The government’s confidence was reduced by a series of strikes organized by the anarchists in July and August. In Barcelona, strikers, besieged in a house in the Calle de Mercaders, said they would not give in except to regular soldiers. A unit arrived and the men surrendered; they were shortly machine-gunned by the forces of order.3 Three deaths also occurred during a general strike in San Sebastián. The government even called on the artillery to crush a general strike in Seville, arising from a telephone strike. No less than thirty anarchists, including some gunmen, were killed and two hundred wounded. If they had reacted too slowly to the burning of the conventos, the government had now reacted too strongly.
Animosity between the anarchists and socialists was, however, stilled that summer by the former’s own dissensions. The opponents of the FAI’s aspirations to élite leadership published in August a manifesto, signed by thirty leading anarchists (thereafter known as the treintistas). The FAI were guilty, they said,
of developing an over-simplified concept of revolution … which would hand us over to republican fascism … The revolution does not trust exclusively in the audacity of a more or less courageous minority, but instead it seeks to be a movement of the whole working class marching towards its final liberation, which alone will decide the character and precise moment for the revolution.1
The FAI were strong enough to resist this criticism and even succeeded in expelling the treintistas from the CNT. This victory was one of youth against middle-age: most FAIistas were in their twenties or thirties, most treintistas older. Some of the treintistas never rejoined the movement; Angel Pestaña, for example, formed a small splinter party which never gathered any momentum. Others, such as Roldán Cortada in Ba
rcelona, became communists.
By the autumn of 1931, a committee of the Cortes had, meantime, prepared a draft constitution. Here the government (or, rather, the drafters) blundered. They identified the new régime with their own political views. Thus the draft constitution began by announcing, ‘Spain is a democratic republic of workers of all classes, organized in a régime of liberty and justice’. Government ‘emanated from the people’ and all citizens were equal. The country would renounce war as an instrument of policy. No titles of nobility would be recognized. Both sexes would vote at twenty-three. There would be only one chamber of parliament. Property would be ‘the object of expropriation for social utility’. Some of these clauses might be invoked to justify socialism; others could be regarded as giving safeguards against it. Then, since the men of the republic feared a meddlesome Head of State, such as King Alfonso had been, the powers of the President were limited by a six-year term, and ineligibility for immediate re-election. The President would, however, nominate the Prime Minister. The acts of the President would be valid if signed by a cabinet minister, but the President could veto laws which he did not like. He could be removed nevertheless if he were to dissolve the Cortes twice.

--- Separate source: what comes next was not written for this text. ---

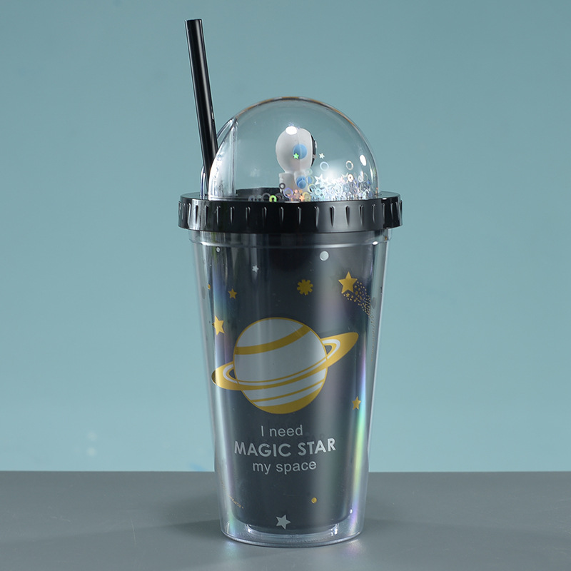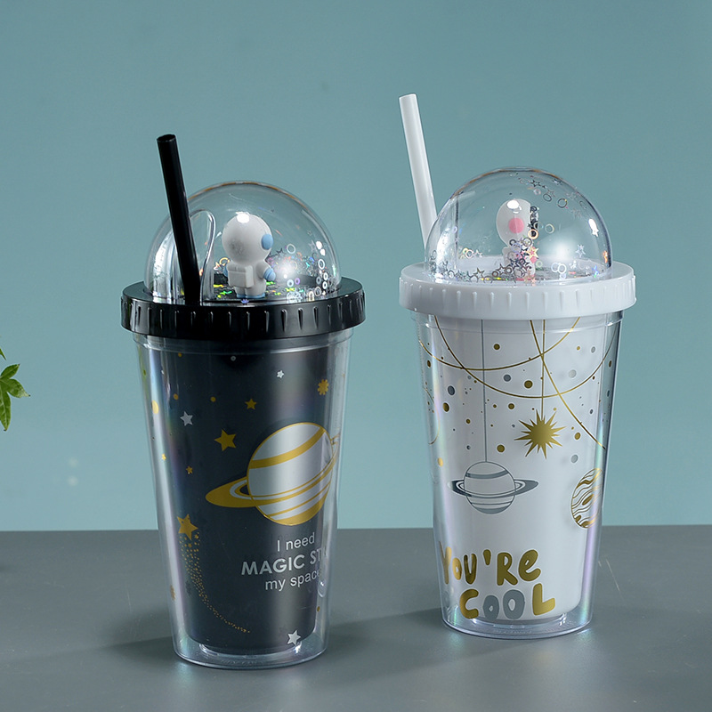 새로운 창조적 인 우주 비행사 더블 레이어 플라스틱 컵 하이 컬러 가치 행성 컵 학생 여름 아이스 컵 어린이 만화 물 컵스토어 가기

The religious clauses brought dismay. Article 26 separated church and state. The payments by the state to priests were to stop in two years, though these salaries had been compensation for the confiscation of church lands in 1837. All religious orders had to register with the ministry of justice. If they were judged a danger to the state, they would be dissolved.1 All would have to pay ordinary taxes. Orders which required a vow beyond the three normal canonical vows would anyway be dissolved. This was merely another way of dissolving the Jesuits, from whom a special oath of loyalty to the Pope is customarily exacted. No order was to be permitted to hold more property than it required for its own subsistence, nor was any to indulge in commerce. All orders were to submit annual accounts to the state. All education, meanwhile, was to be inspired ‘by ideals of human solidarity’. Religious education, that is, was to end. Every ‘public manifestation of religion’—including the Holy Week, Epiphany and even carnival processions—would have to be officially approved; while divorce was to be granted as a result of mutual disagreement between the parties, or on the petition of either party, if just cause could be shown. Civil marriages were to be the only legal ones.